> Your instructions
Beginning with the line that contains "Claude Monet 89" and ending with the line that contains "La estructura está", reproduce the lines of the entries below exactly, omitting pictures.

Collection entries

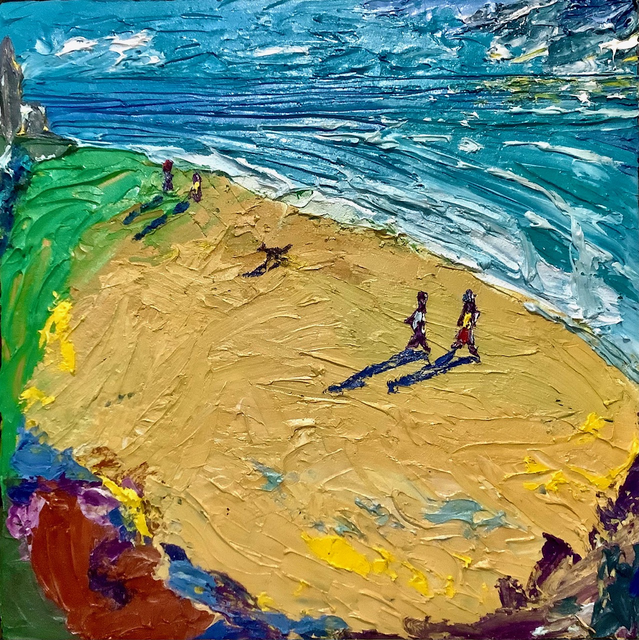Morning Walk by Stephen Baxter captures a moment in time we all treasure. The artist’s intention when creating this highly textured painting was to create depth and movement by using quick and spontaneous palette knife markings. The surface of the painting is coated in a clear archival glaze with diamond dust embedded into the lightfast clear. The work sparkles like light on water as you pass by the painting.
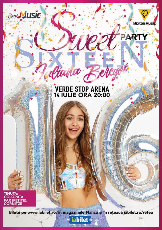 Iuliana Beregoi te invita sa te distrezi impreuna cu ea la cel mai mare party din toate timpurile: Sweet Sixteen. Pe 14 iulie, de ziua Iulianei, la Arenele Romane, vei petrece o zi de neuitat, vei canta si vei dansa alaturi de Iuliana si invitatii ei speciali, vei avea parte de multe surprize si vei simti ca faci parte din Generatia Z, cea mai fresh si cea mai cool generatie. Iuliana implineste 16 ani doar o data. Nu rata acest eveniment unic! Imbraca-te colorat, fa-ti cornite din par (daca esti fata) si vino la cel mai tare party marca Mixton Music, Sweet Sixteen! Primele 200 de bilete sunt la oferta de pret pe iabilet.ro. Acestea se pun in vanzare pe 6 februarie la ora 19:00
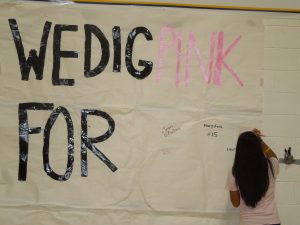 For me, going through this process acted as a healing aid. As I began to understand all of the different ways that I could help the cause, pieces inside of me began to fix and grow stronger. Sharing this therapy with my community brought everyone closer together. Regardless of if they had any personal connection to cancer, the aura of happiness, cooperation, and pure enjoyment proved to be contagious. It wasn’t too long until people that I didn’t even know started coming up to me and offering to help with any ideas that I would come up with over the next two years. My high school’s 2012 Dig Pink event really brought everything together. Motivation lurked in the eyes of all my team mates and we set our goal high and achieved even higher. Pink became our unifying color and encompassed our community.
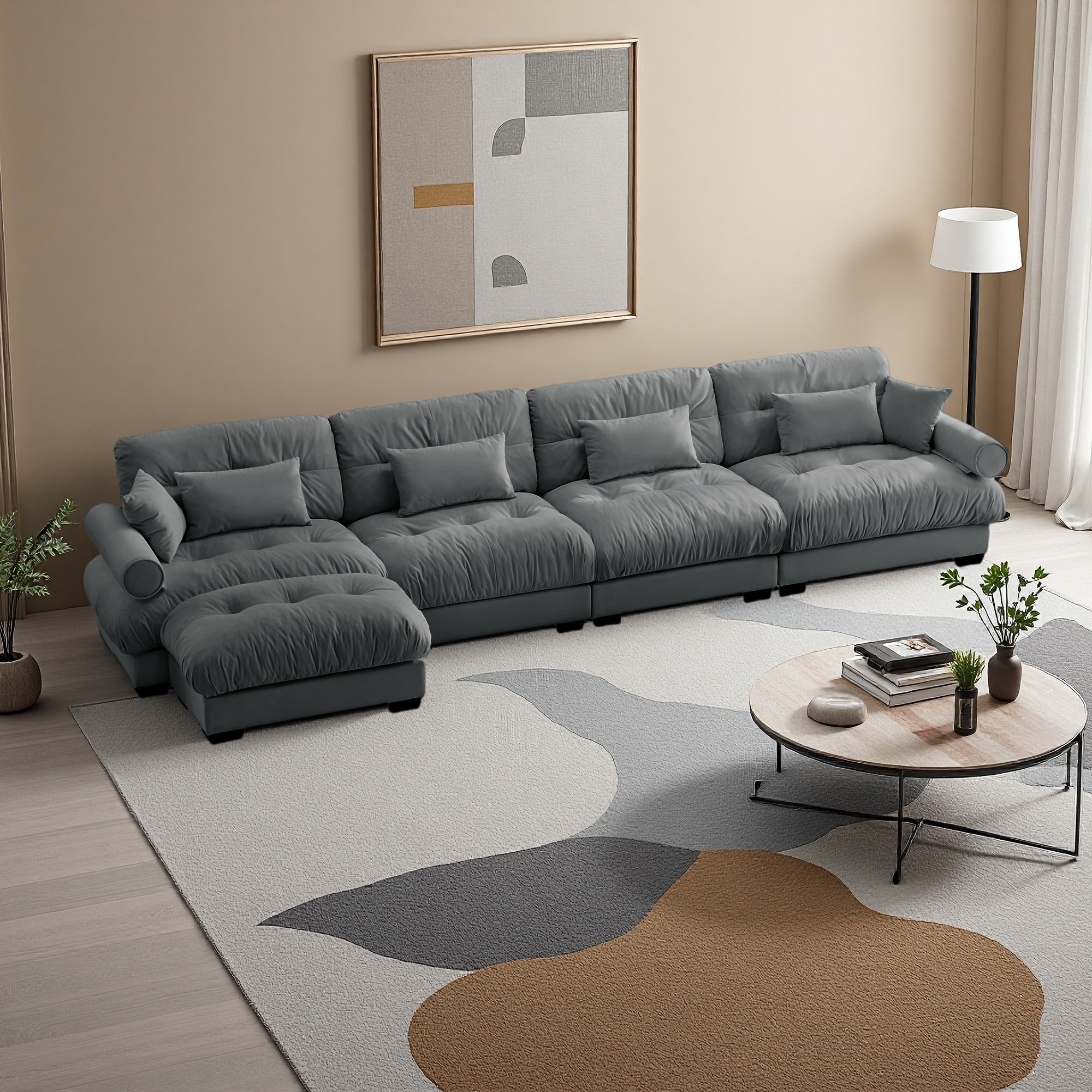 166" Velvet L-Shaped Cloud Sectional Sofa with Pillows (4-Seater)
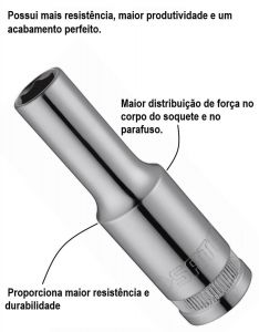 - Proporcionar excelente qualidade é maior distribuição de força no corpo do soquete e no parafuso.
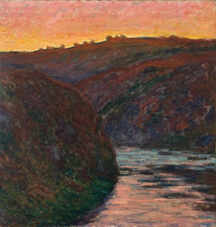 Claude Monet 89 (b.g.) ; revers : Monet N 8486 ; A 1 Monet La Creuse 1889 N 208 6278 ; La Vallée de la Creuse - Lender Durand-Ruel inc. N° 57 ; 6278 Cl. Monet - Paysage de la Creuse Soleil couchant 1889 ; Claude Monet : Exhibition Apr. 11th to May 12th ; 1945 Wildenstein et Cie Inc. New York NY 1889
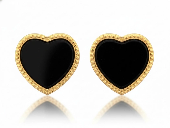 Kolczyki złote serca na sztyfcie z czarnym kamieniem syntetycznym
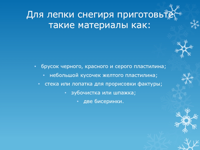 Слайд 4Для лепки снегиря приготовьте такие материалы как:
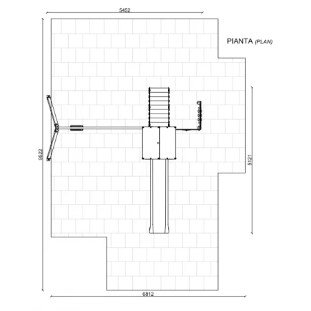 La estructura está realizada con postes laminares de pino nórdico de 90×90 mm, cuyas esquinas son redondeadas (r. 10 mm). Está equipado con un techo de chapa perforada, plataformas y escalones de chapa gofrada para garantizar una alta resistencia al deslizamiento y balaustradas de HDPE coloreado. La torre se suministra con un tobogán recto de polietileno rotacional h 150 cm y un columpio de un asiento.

* * *

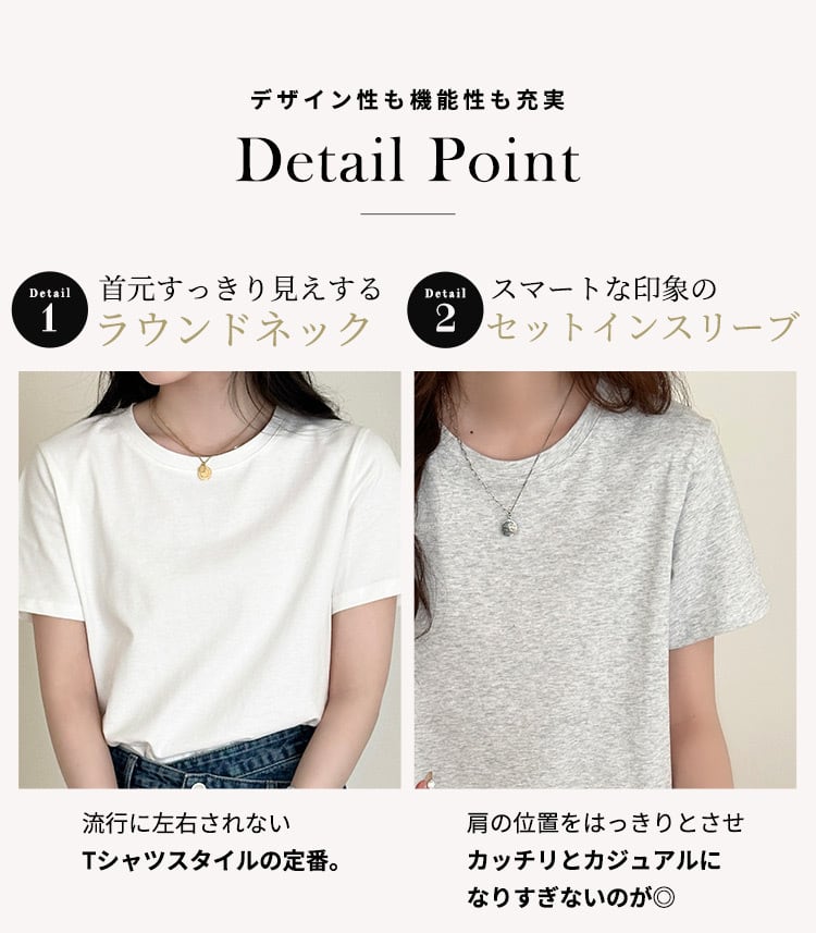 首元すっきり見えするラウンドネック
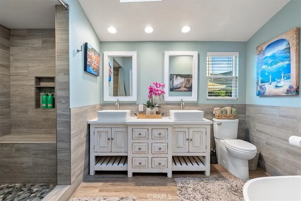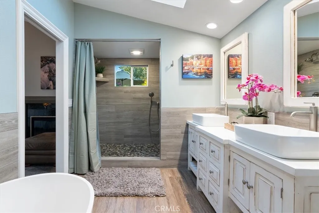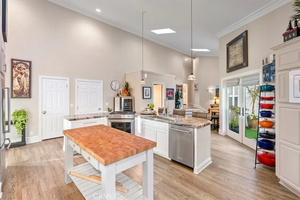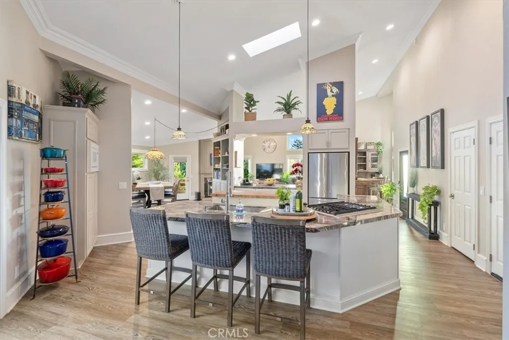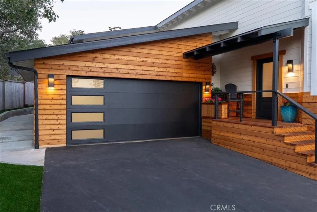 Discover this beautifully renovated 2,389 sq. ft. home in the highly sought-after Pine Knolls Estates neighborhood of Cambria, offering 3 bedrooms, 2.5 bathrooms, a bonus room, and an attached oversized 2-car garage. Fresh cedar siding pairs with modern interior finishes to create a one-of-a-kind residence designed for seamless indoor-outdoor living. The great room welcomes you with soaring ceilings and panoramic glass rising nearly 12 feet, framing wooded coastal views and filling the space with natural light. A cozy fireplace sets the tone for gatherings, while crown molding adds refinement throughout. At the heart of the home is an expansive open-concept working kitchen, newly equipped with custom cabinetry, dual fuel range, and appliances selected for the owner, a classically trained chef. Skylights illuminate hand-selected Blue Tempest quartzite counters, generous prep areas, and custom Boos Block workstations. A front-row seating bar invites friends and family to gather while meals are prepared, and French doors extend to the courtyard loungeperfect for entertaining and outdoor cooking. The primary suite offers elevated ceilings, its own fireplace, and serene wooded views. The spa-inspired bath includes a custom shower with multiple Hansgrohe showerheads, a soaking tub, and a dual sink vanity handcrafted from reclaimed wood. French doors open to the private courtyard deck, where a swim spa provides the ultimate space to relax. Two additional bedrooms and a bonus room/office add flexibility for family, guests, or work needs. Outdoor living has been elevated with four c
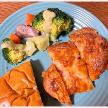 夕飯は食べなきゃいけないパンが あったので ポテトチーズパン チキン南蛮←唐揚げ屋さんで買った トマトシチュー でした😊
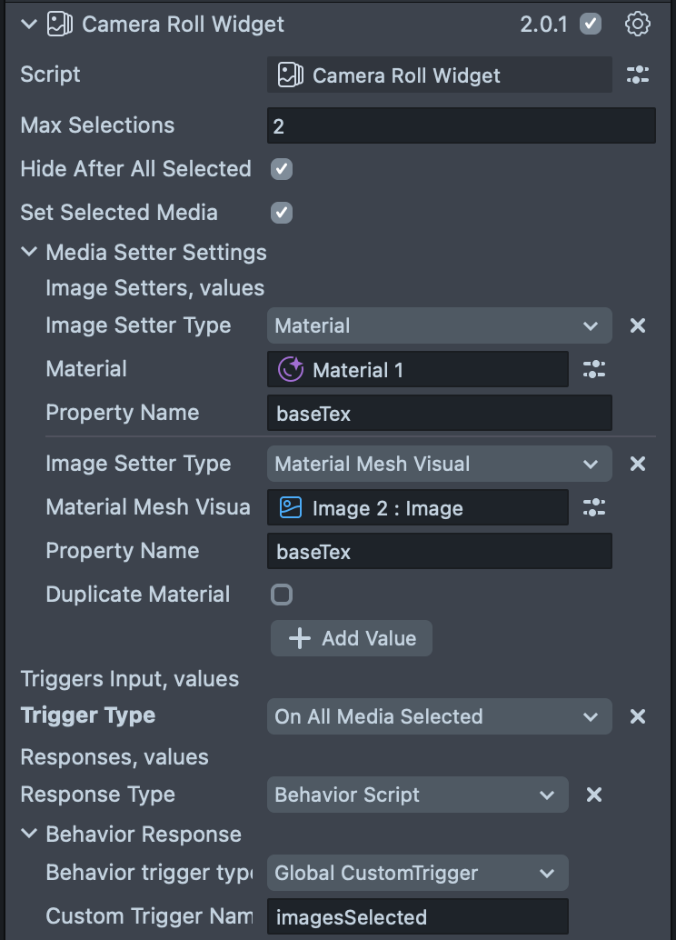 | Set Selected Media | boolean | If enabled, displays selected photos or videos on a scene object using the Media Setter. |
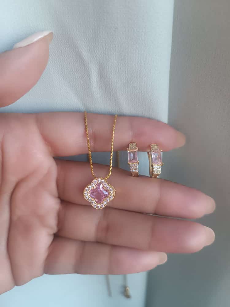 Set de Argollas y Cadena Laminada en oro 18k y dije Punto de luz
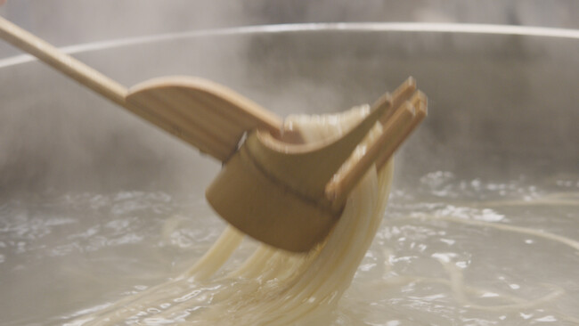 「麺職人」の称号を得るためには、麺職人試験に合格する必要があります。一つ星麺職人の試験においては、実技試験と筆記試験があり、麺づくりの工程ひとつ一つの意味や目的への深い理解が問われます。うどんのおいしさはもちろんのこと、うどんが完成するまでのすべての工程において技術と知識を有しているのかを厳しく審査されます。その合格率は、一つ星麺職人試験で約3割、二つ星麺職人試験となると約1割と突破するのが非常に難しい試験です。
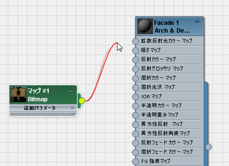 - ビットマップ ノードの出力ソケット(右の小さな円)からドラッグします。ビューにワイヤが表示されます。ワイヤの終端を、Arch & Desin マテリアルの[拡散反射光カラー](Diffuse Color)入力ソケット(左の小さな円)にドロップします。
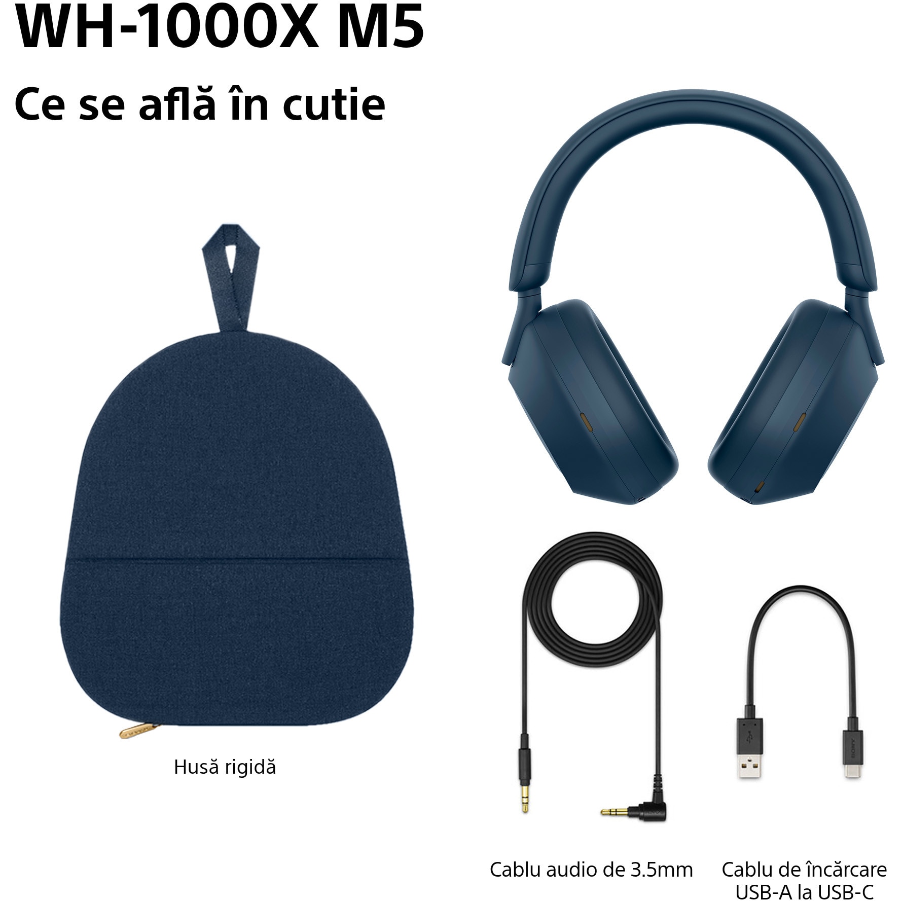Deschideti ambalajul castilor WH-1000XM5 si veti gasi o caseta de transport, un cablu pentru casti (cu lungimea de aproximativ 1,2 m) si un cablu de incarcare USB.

> Exercise response
 Claude Monet 89 (b.g.) ; revers : Monet N 8486 ; A 1 Monet La Creuse 1889 N 208 6278 ; La Vallée de la Creuse - Lender Durand-Ruel inc. N° 57 ; 6278 Cl. Monet - Paysage de la Creuse Soleil couchant 1889 ; Claude Monet : Exhibition Apr. 11th to May 12th ; 1945 Wildenstein et Cie Inc. New York NY 1889
 Kolczyki złote serca na sztyfcie z czarnym kamieniem syntetycznym
 Слайд 4Для лепки снегиря приготовьте такие материалы как:
 La estructura está realizada con postes laminares de pino nórdico de 90×90 mm, cuyas esquinas son redondeadas (r. 10 mm). Está equipado con un techo de chapa perforada, plataformas y escalones de chapa gofrada para garantizar una alta resistencia al deslizamiento y balaustradas de HDPE coloreado. La torre se suministra con un tobogán recto de polietileno rotacional h 150 cm y un columpio de un asiento.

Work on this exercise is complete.